Ciekawe strony

PushBullet to najprostszy sposób na przesłanie czegokolwiek z przeglądarki do smartfona

Tomasz Popielarczyk
PushBullet to najprostszy sposób na przesłanie czegokolwiek z przeglądarki do smartfona
20

Istnieje wiele sposobów na przesłanie danych z desktopa do urządzenia mobilnego. Niektórzy z nas używają w tym celu chmury, wrzucając pliki na Dropboksa lub Google Drive. Inni przyzwyczaili się do bardziej wyspecjalizowanych narzędzi, jak Evernote czy Springpad. Żadne z tych narzędzi nie jest jednak...

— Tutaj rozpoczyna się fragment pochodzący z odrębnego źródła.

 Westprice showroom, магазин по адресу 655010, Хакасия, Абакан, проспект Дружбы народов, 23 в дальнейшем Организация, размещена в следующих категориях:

Istnieje wiele sposobów na przesłanie danych z desktopa do urządzenia mobilnego. Niektórzy z nas używają w tym celu chmury, wrzucając pliki na Dropboksa lub Google Drive. Inni przyzwyczaili się do bardziej wyspecjalizowanych narzędzi, jak Evernote czy Springpad. Żadne z tych narzędzi nie jest jednak tak proste, łatwe i przyjemne w obsłudze jak PushBullet.

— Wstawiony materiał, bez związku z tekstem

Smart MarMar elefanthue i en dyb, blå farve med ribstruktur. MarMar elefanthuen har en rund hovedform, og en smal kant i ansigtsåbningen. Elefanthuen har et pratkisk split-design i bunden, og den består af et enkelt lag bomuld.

Wymiana danych między smartfonem, a desktopem to nie tyle efekciarstwo, co po prostu praktyczne, przydatne i pomocne rozwiązanie, dzięki któremu zwiększamy swoje szanse na niezapomnienie o pilnych oraz ważnych sprawach. PushBullet jest kwintesencją tego wszystkiego, a jednocześnie pozwala na niezwykle łatwą i szybką obsługę. Informacje dosłownie niczym pocisk trafiają na nasz urządzenie z Androidem.

Całość właściwie opiera się na dwóch elementach - webowym interfejsie do udostępniania danych oraz aplikacji mobilnej, która będzie je odbierać. Co ciekawe, nie musimy nawet zakładać swojego konta w serwisie, bo wszystko odbywa się za pośrednictwem profilu Google'a (co dla niektórych może być też wadą).

Największym atutem PushBullet jest to, że informacje, które prześlemy do naszego smartfona lub tabletu nie lądują od razu gdzieś w zakamarkach aplikacji, na liście, gdzie zajrzymy lub nie. Program wykorzystuje bowiem do tego celu... pasek statusu. Pojawiają się tam informacje o konkretnych danych, a użytkownik, klikając w nie, od razu może zdecydować za pomocą jakiej aplikacji je otworzy - czy będzie to dialer dla numeru telefonu, czy Google Maps dla adresu czy zwykły edytor tekstu lub przeglądarka grafiki. Jest to nadzwyczaj intuicyjne i stawia PushBullet znacznie wyżej niż cały ogrom innych, bardziej wyspecjalizowanych rozwiązań. Nie potrzebujemy żadnych funkcji automatycznego synchronizowania, zlecania pobrania danych etc. PushBullet po prostu przesyła coś i od razu mamy to na swoim gadżecie.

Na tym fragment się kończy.